Dec. 14, 2015 — Time sometimes changes perspective in politics. Three-term North Carolina Rep. Renee Ellmers (R-Dunn) came to Congress with a 2010 victory margin of just under 1,500 votes against then-Rep. Bob Etheridge (D-Lillington/Durham) in what became one of that cycle’s biggest Tea Party upsets. Now running for a fourth term, some of the congresswoman’s past allies are backing one of her Republican primary opponents. Her performance in office has disappointed various conservative segments.

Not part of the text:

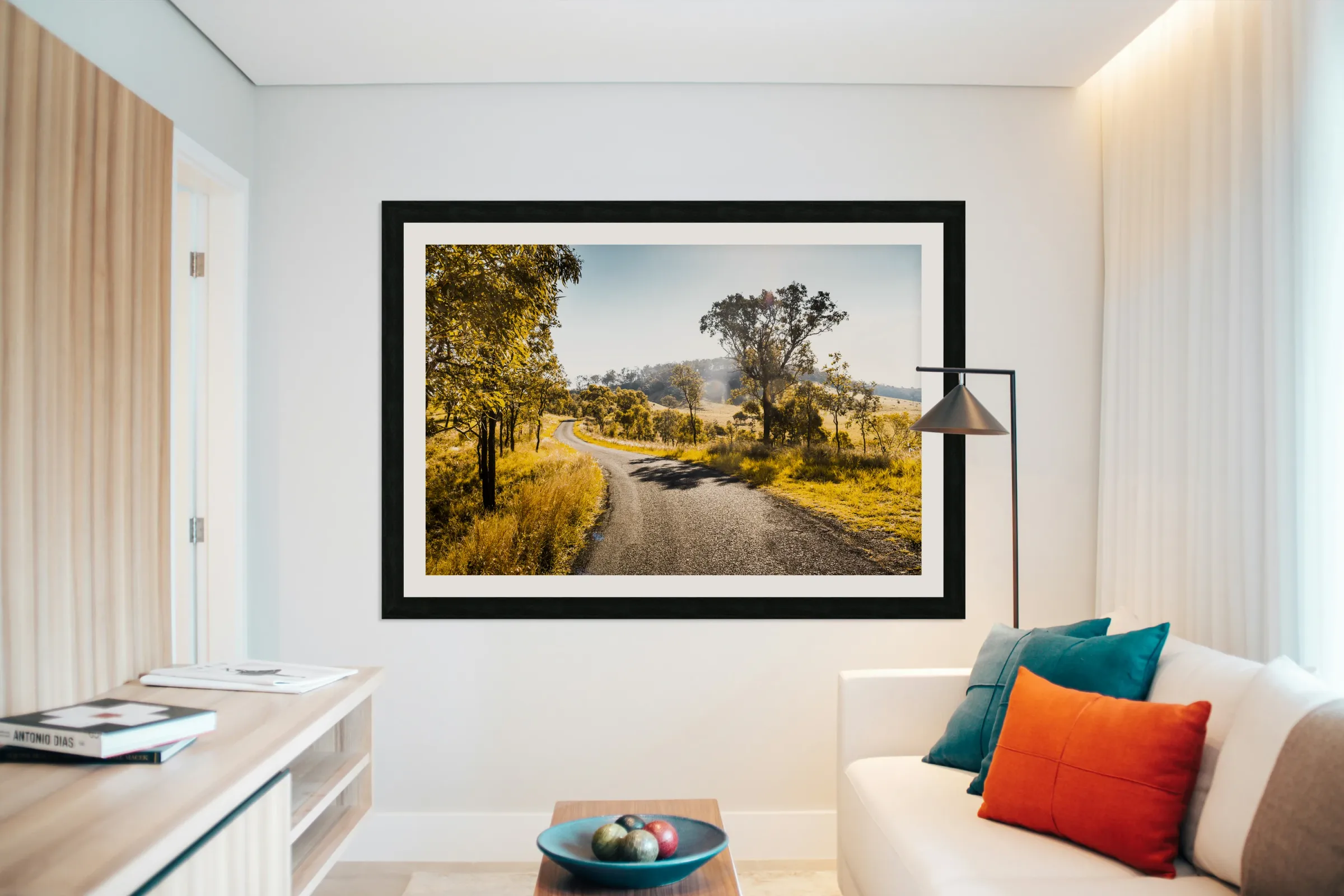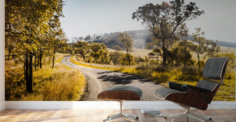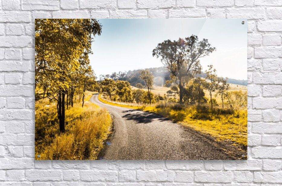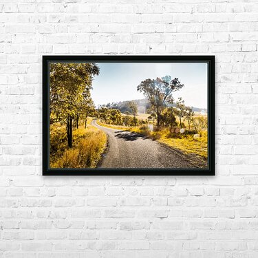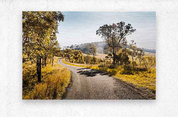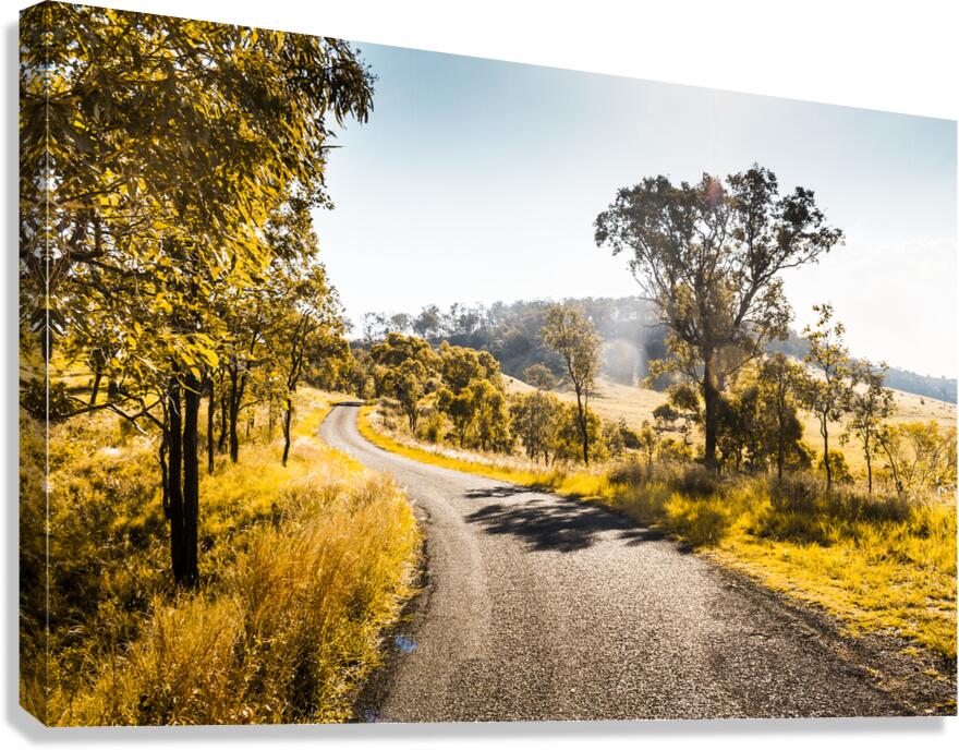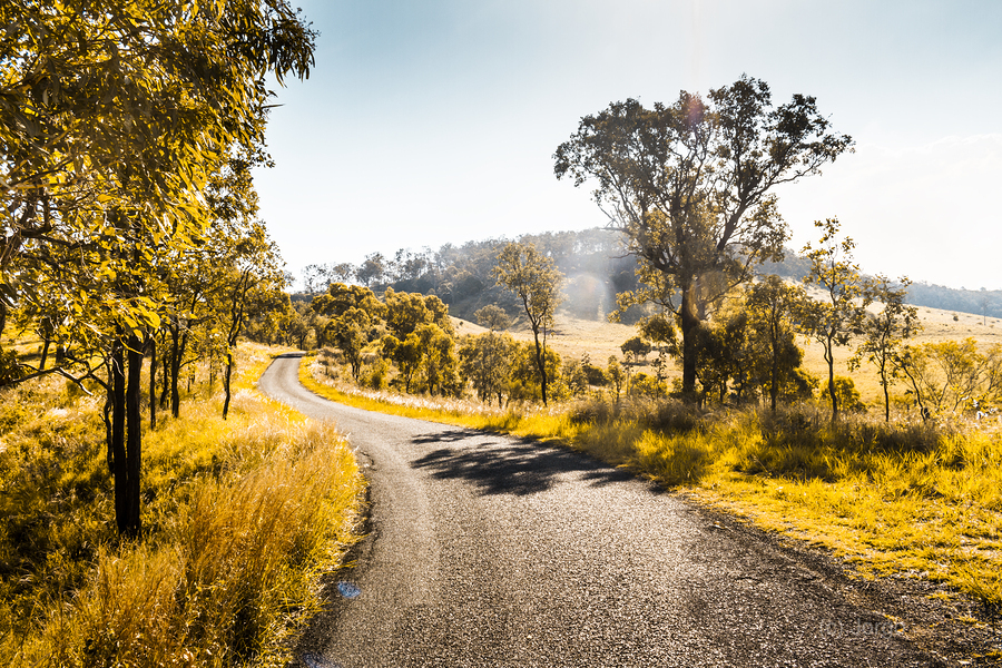 In glows of summer gold a back-country road winds and weaves through beautiful rural bushland in Branch Creek Queensland Australia

This week, the Club for Growth, one of the most prolific conservative outside support groups endorsed Rep. Ellmers’ top primary opponent, former Chatham County Republican chairman Jim Duncan. The Ellmers’ conservative detractors have a major problem, however, in that the anti-incumbent vote is split among three candidates. In addition to Duncan, local radio talk show host Frank Roche and public relations executive Kay Daly are both in the race.
With the Club helping Duncan, his resource base will expand exponentially. He becomes Ellmers’ key challenger and, if the other two could be talked out of running before the upcoming Dec. 21 candidate filing deadline (for the March 15 primary), would be in strong position to deny her re-nomination. But, considering that North Carolina employs a 40 percent run-off rule, defeating any incumbent in a crowded field is a difficult proposition. To avoid a secondary election, Ellmers would only have to reach the 40 percent plateau to clinch the nomination, which, in the 2nd District is the tantamount to winning in November.
Facing a primary challenge is nothing new for the congresswoman. For her first re-election, she scored 56 percent of the vote against three Republican opponents. Considering that NC-2 was radically changed in 2011 redistricting, mainly to make what was a discernibly Democratic seat anchored in Durham into a Republican suburban seat that starts just southwest of Raleigh, then moves due south to circumvent the city of Fayetteville, and wraps around west all the way to the outer suburbs of High Point in the Piedmont Triad, her victory percentage was acceptable for a virtually unknown freshman incumbent.
Turning to the 2012 general election, Mitt Romney scored a touch over 57 percent here against President Obama. Rep. Ellmers won her subsequent November campaign with 56 percent against an under-funded Democratic nominee.
In 2014, we saw a similar scenario unfold. With only 36,457 individuals voting, Rep. Ellmers captured 58.7 percent, a low total against the aforementioned Roche, who spent less than $43,000 that year in attracting 41.3 percent of the vote. Clearly, this performance illustrates incumbent weakness.
Now facing a well-funded opponent, Ellmers has problems. Not trusted on economic issues such as the debt ceiling and re-funding the Export-Import Bank of the United States, she frustrated social issues conservatives by doing the leadership’s bidding on, what many saw as, a watered-down pro-life measure earlier this year. To make matters worse, rumors of an extramarital affair with Majority Leader Kevin McCarthy (R-CA-23) repeatedly surfaced during the latter’s aborted campaign for Speaker when John Boehner resigned the position. Both she and McCarthy have denied having such a relationship.
It will be a major feat to keep Rep. Ellmers below 40 percent in a multi-candidate field to force a run-off election, but such a result is well within the realm of possibility particularly if the Duncan supporters can convince the others not to run. With the Club for Growth’s involvement for Duncan’s now evident, attention should be paid to this early primary contest and considered an upset possibility.
Soon after the McCarthy speakership debacle ended, rumors began surfacing in the state that Ellmers might not seek re-election. At this point, it appears she will file, but we’ll know for sure in 10 days. At the end of September, she held a rather low $411,242 in her campaign account.